(Beginning of Records for this task)

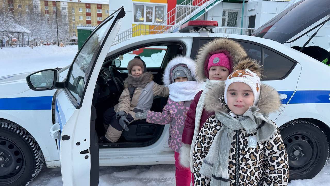 Автоинспекторы Нового Уренгоя провели встречу с воспитанниками детского сада, интерактивный урок по безопасности, и экскурсию;
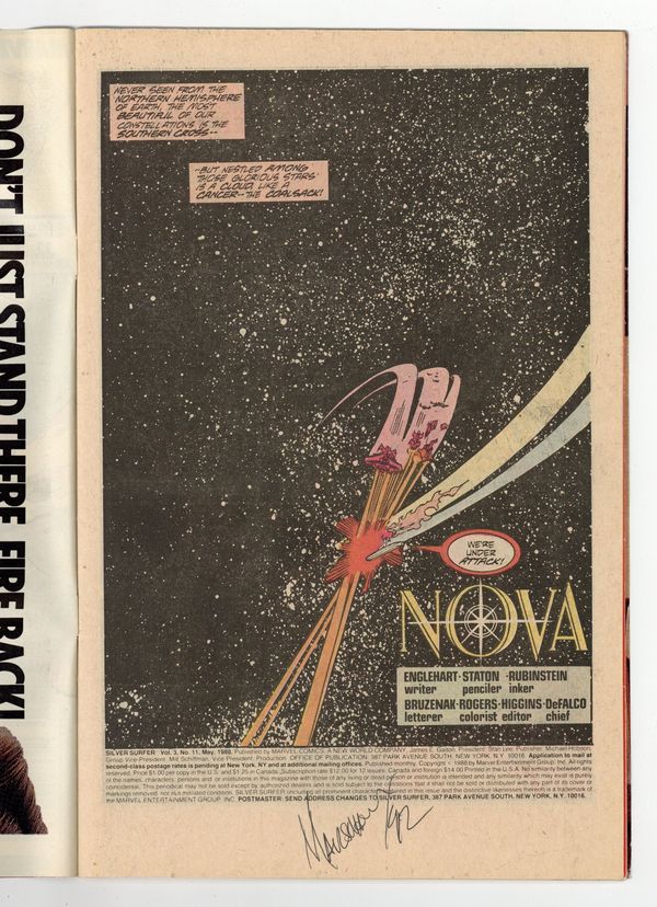 Mark Jeweler Advertisement Insert Variant. "Nova!" Story by Steve Englehart. Art by Joe Staton and Joe Rubinstein. Even though the Heralds of Galactus are imbued with the Power Cosmic, the Silver Surfer teaches Nova (Frankie Ray) the universe is still a very dangerous place. Hopefully Nova will listen to Norrin Radd's council as they've been charged with finding the Contemplator, the last Elder of the Universe. 32 pages. Cover price $0.75.
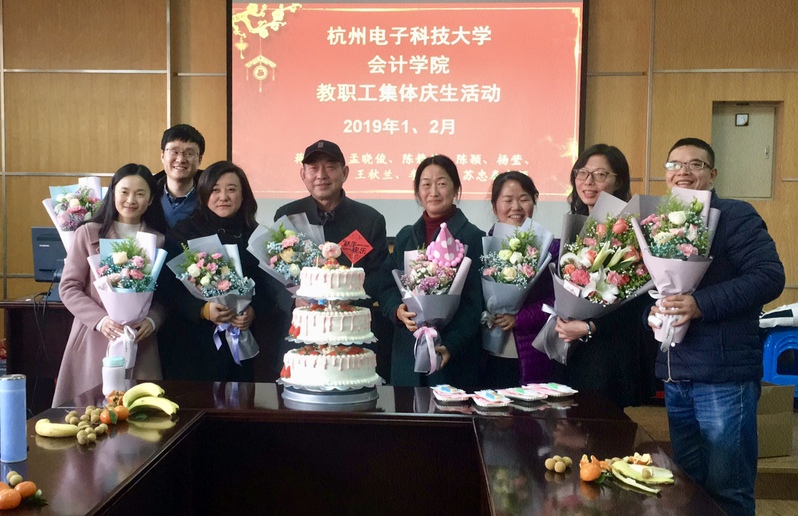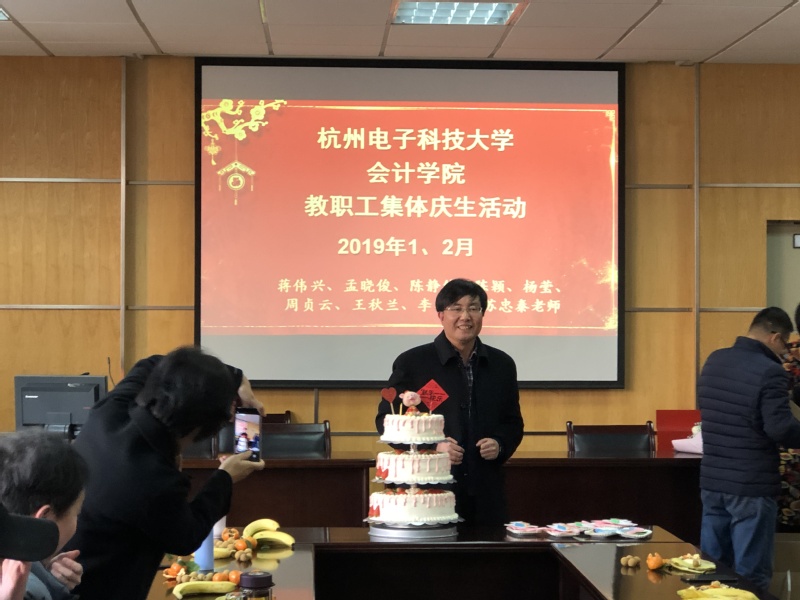 最后,学院为1月份生日的学院全体教职工举办集体生日活动,“第一次和这么多的同事一起过生日,一起唱生日歌,一起吃蛋糕,很开心。暖心的学院,棒棒的工会。”刚转入学院的陈颖老师说到。“我和李冬姝老师居然是同年同月同日生的,好有缘分!”学院党委副书记王秋兰老师激动的说到。院长肖作平代表学院对老师送上生日的祝福,他表示这种氛围是在他以前单位所没有感受过的,希望学院工会以后多组织这些活动,营造暖心和谐的学院氛围。
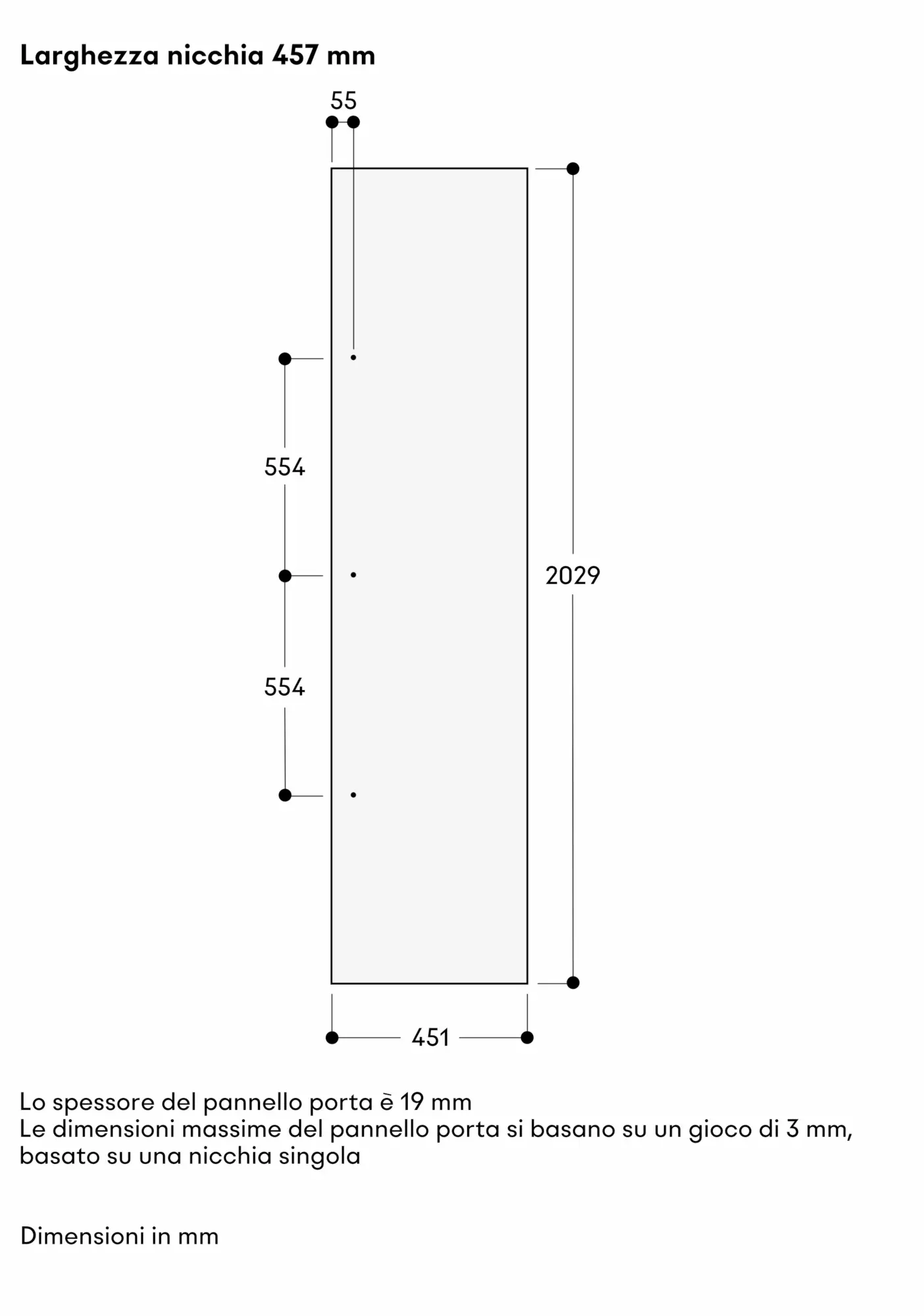 Peso max. pannelli porta 55 kg.
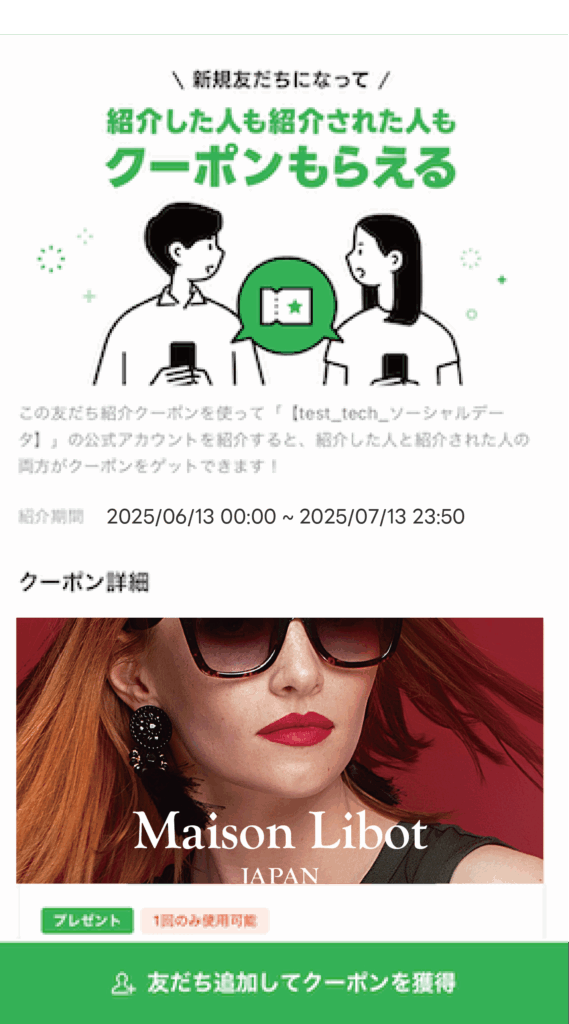 友だち紹介クーポンを紹介されたユーザーは、「友だち追加してクーポンを獲得」ボタンを押すことでクーポンを獲得することができます。
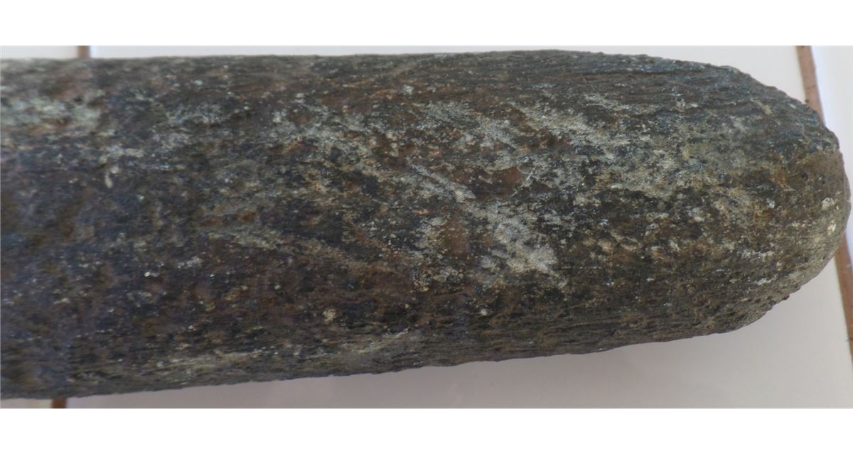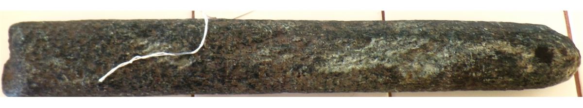 This basalt Giant stone celt is approximately 1500 years old. It is made from basalt and from Northern California. This giant celt measures 17 x 2 x 1 inch. There are chips on bit and scratches on blade. Shipping: $35.00
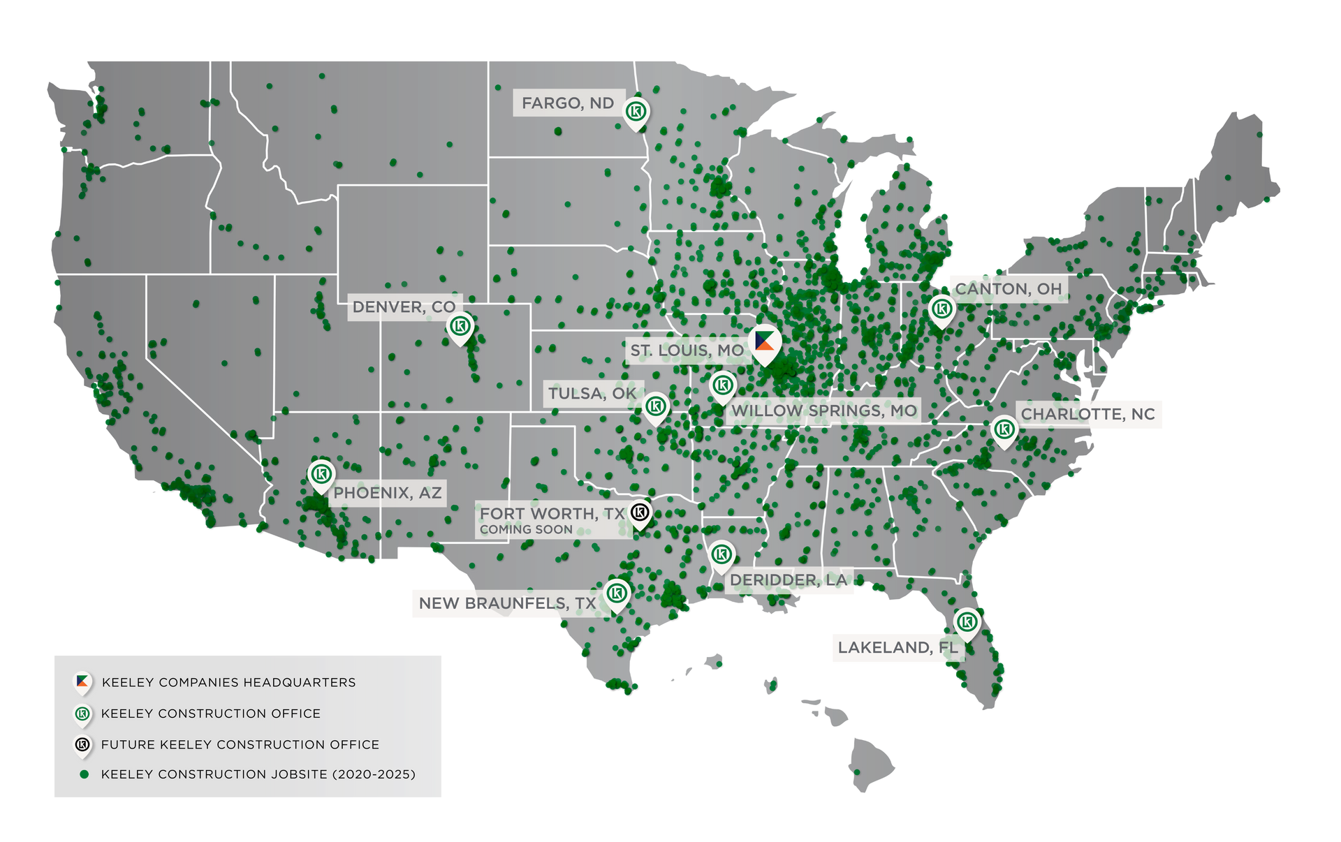 Keeley Construction, established in 1975 by Larry Keeley, began as a small, family-owned paving company. Today, with over 1,500 dedicated Keeley'ns, our enterprise has evolved into a powerhouse in construction with four different business units: Civil, Paving, Building, and Industrial. Despite our growth, Keeley Construction still upholds the same core principles spoken by our founder decades ago, "Quality, Safety, and Service never go out of style."
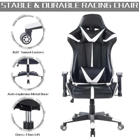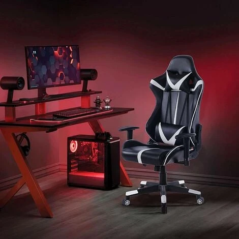 - Versatile: Questa sedia per pc è. dotata di meccanismo basculante e schienale reclinabile (90°.-155°.). L’altezza del sedile è. regolabile (47-55cm) tramite la leva sottostante. per giocare e lavorare in tutto comfort. inoltre. grazie allo schienale regolabile e all&rsquo.accattivante combinazione di colori. può. essere utilizzata per più. scopi: da 90°. a 100°. come sedia gaming o sedia da ufficio. da 135°. a 155°. come sedia relax. È. ideale per ufficio. studio. camera da letto. ecc.
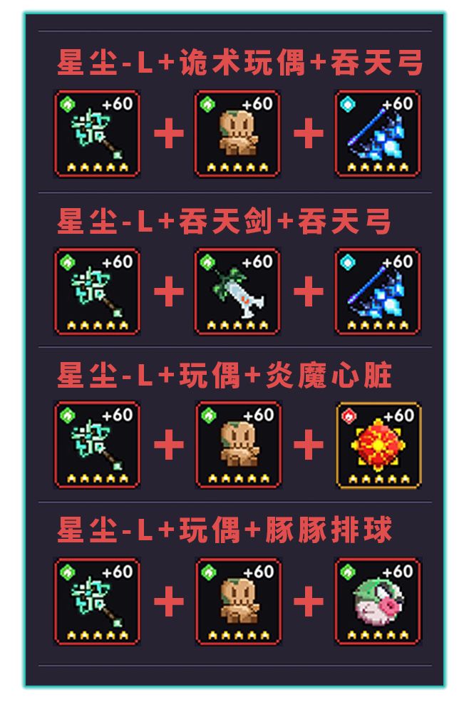 心脏+玩偶套:炎魔心脏由于属性的问题会导致以后属性搭配很头疼,但是和玩偶搭配的伤害还是不俗的。(呱呱木战就钻研这东西,所以并不是胡说)

(End of Records for this task)

[Exercise objective]: Your output should consist solely of the lines from the line containing "This basalt Giant" through the last line of the entries, verbatim, minus any pictures.

[Your solution]:
 This basalt Giant stone celt is approximately 1500 years old. It is made from basalt and from Northern California. This giant celt measures 17 x 2 x 1 inch. There are chips on bit and scratches on blade. Shipping: $35.00
 Keeley Construction, established in 1975 by Larry Keeley, began as a small, family-owned paving company. Today, with over 1,500 dedicated Keeley'ns, our enterprise has evolved into a powerhouse in construction with four different business units: Civil, Paving, Building, and Industrial. Despite our growth, Keeley Construction still upholds the same core principles spoken by our founder decades ago, "Quality, Safety, and Service never go out of style."
 - Versatile: Questa sedia per pc è. dotata di meccanismo basculante e schienale reclinabile (90°.-155°.). L’altezza del sedile è. regolabile (47-55cm) tramite la leva sottostante. per giocare e lavorare in tutto comfort. inoltre. grazie allo schienale regolabile e all&rsquo.accattivante combinazione di colori. può. essere utilizzata per più. scopi: da 90°. a 100°. come sedia gaming o sedia da ufficio. da 135°. a 155°. come sedia relax. È. ideale per ufficio. studio. camera da letto. ecc.
 心脏+玩偶套:炎魔心脏由于属性的问题会导致以后属性搭配很头疼,但是和玩偶搭配的伤害还是不俗的。(呱呱木战就钻研这东西,所以并不是胡说)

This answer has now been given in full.